MATERIAL FOR THIS TASK section start
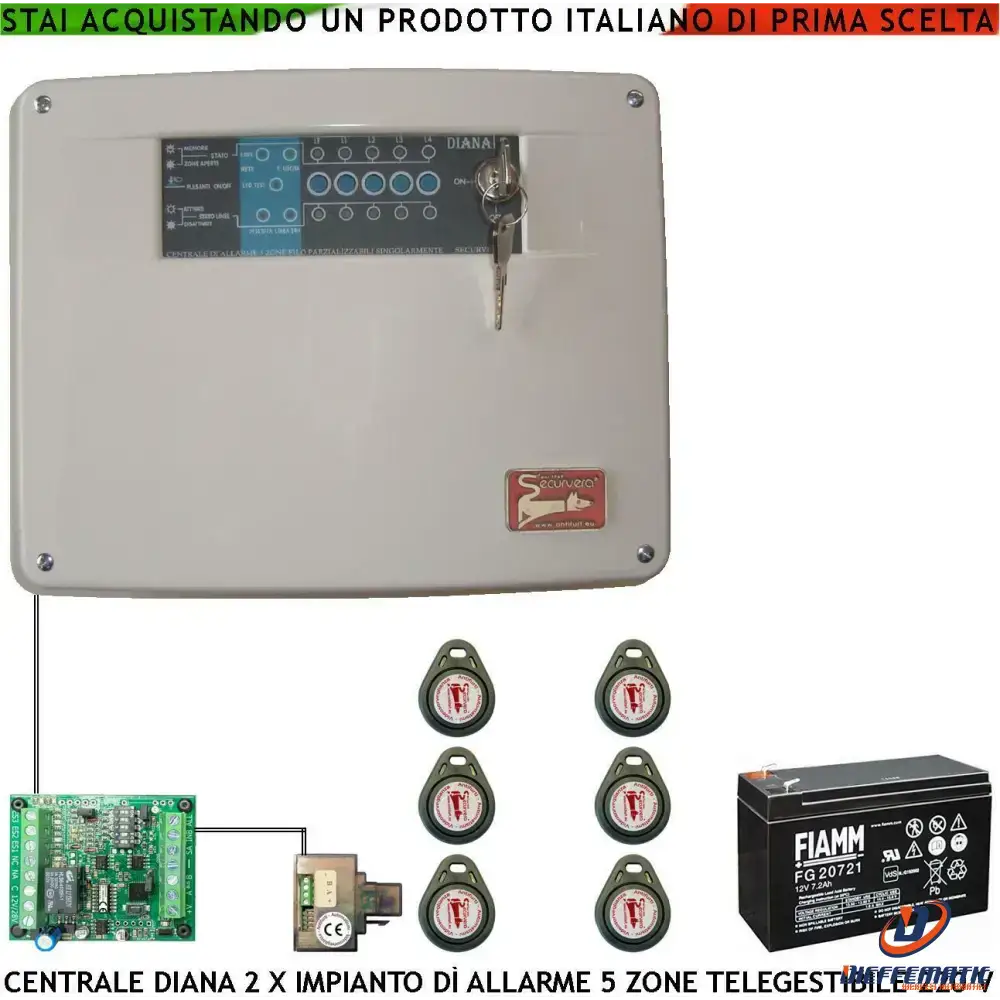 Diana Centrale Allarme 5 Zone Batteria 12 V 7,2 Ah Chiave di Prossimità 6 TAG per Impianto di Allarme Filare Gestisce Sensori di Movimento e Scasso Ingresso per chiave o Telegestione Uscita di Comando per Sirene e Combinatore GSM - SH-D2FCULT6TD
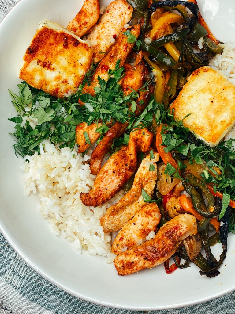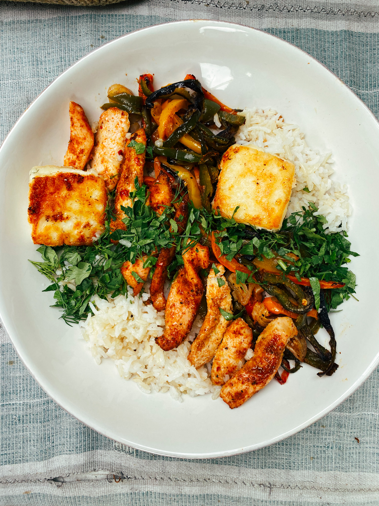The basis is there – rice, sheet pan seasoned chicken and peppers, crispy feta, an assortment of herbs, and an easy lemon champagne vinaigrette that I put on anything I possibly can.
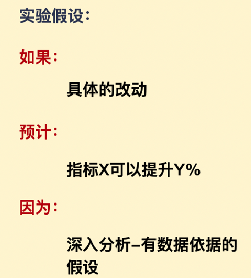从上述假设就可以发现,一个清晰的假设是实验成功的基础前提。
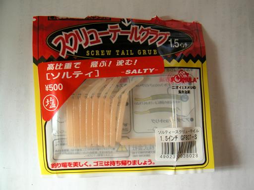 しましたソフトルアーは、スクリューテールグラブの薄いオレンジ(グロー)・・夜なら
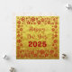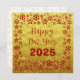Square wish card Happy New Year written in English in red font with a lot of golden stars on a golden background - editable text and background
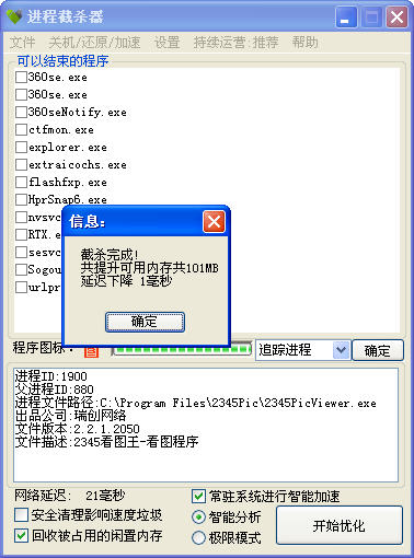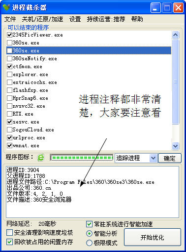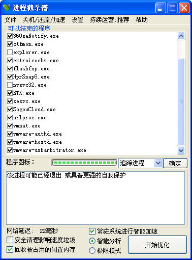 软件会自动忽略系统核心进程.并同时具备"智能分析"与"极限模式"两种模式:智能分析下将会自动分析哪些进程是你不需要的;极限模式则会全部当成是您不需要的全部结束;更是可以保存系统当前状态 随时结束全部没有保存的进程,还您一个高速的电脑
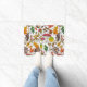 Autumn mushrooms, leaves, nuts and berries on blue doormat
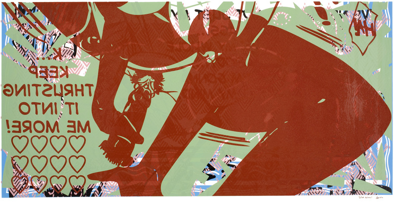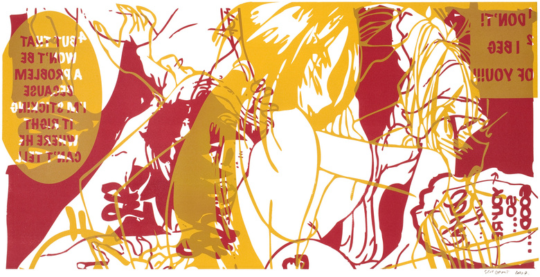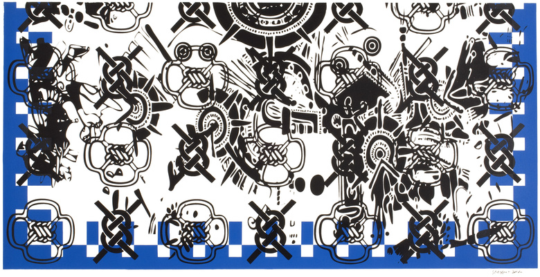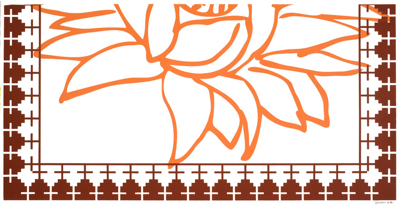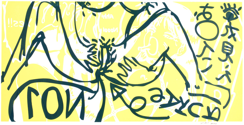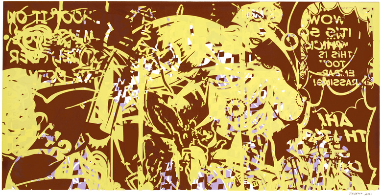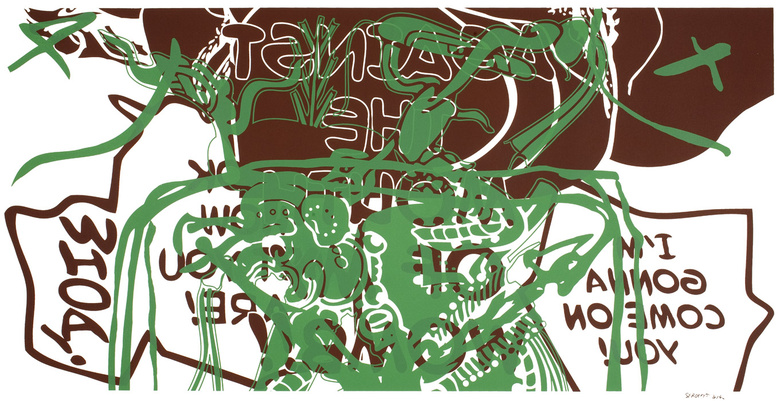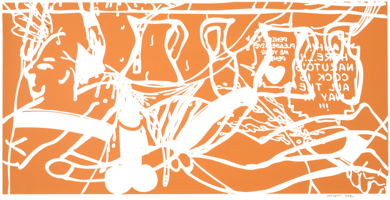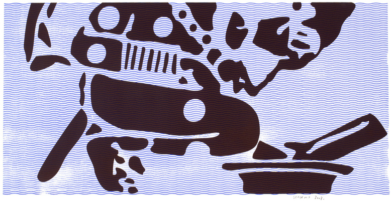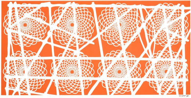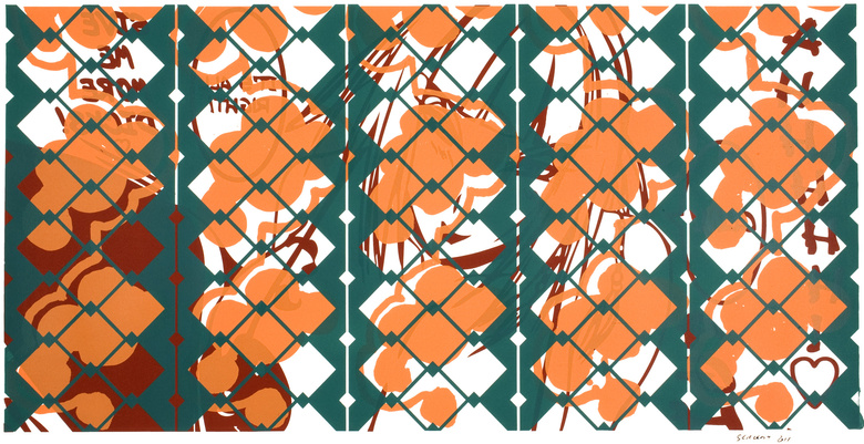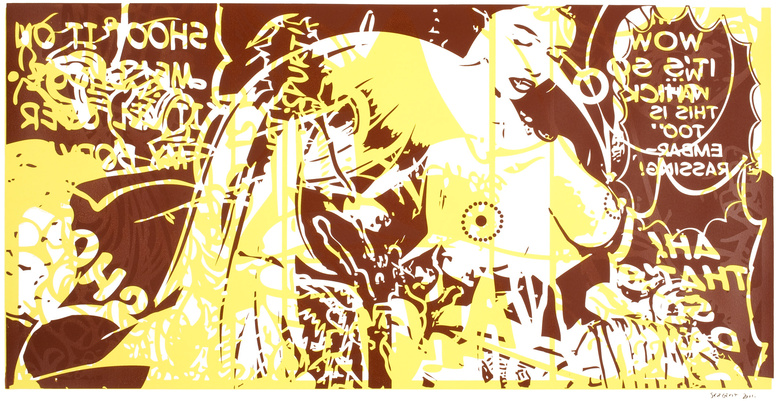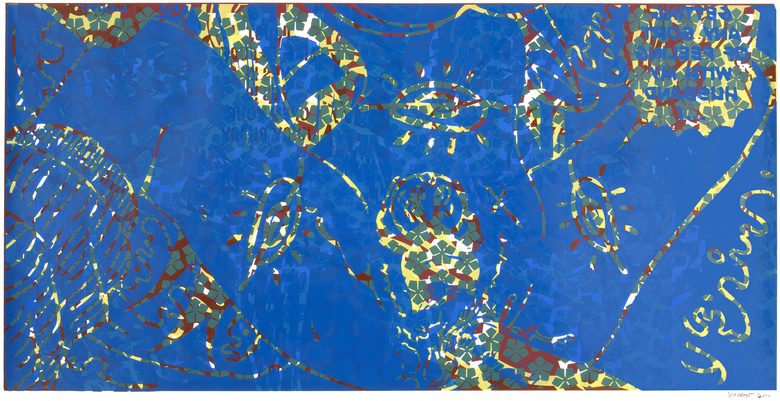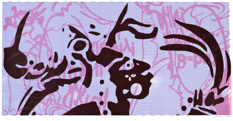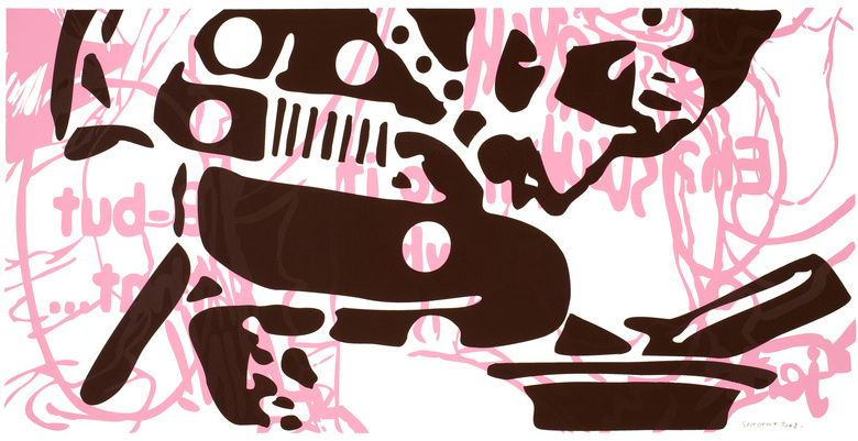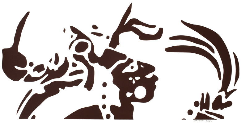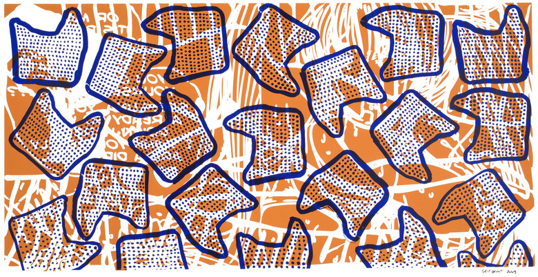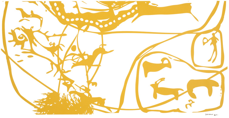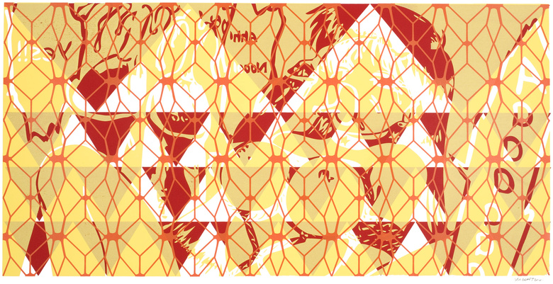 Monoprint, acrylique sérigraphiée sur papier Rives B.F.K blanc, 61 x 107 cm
MATERIAL FOR THIS TASK section end
- **EXERCISE REQUIREMENTS**: Could you reproduce exactly, and only, the lines from the start of the records through the line containing "しましたソフトルアーは、スク", leaving out the pictures?

- **RESPONSE TO THIS TASK**:
 Diana Centrale Allarme 5 Zone Batteria 12 V 7,2 Ah Chiave di Prossimità 6 TAG per Impianto di Allarme Filare Gestisce Sensori di Movimento e Scasso Ingresso per chiave o Telegestione Uscita di Comando per Sirene e Combinatore GSM - SH-D2FCULT6TD
The basis is there – rice, sheet pan seasoned chicken and peppers, crispy feta, an assortment of herbs, and an easy lemon champagne vinaigrette that I put on anything I possibly can.
从上述假设就可以发现,一个清晰的假设是实验成功的基础前提。
 しましたソフトルアーは、スクリューテールグラブの薄いオレンジ(グロー)・・夜なら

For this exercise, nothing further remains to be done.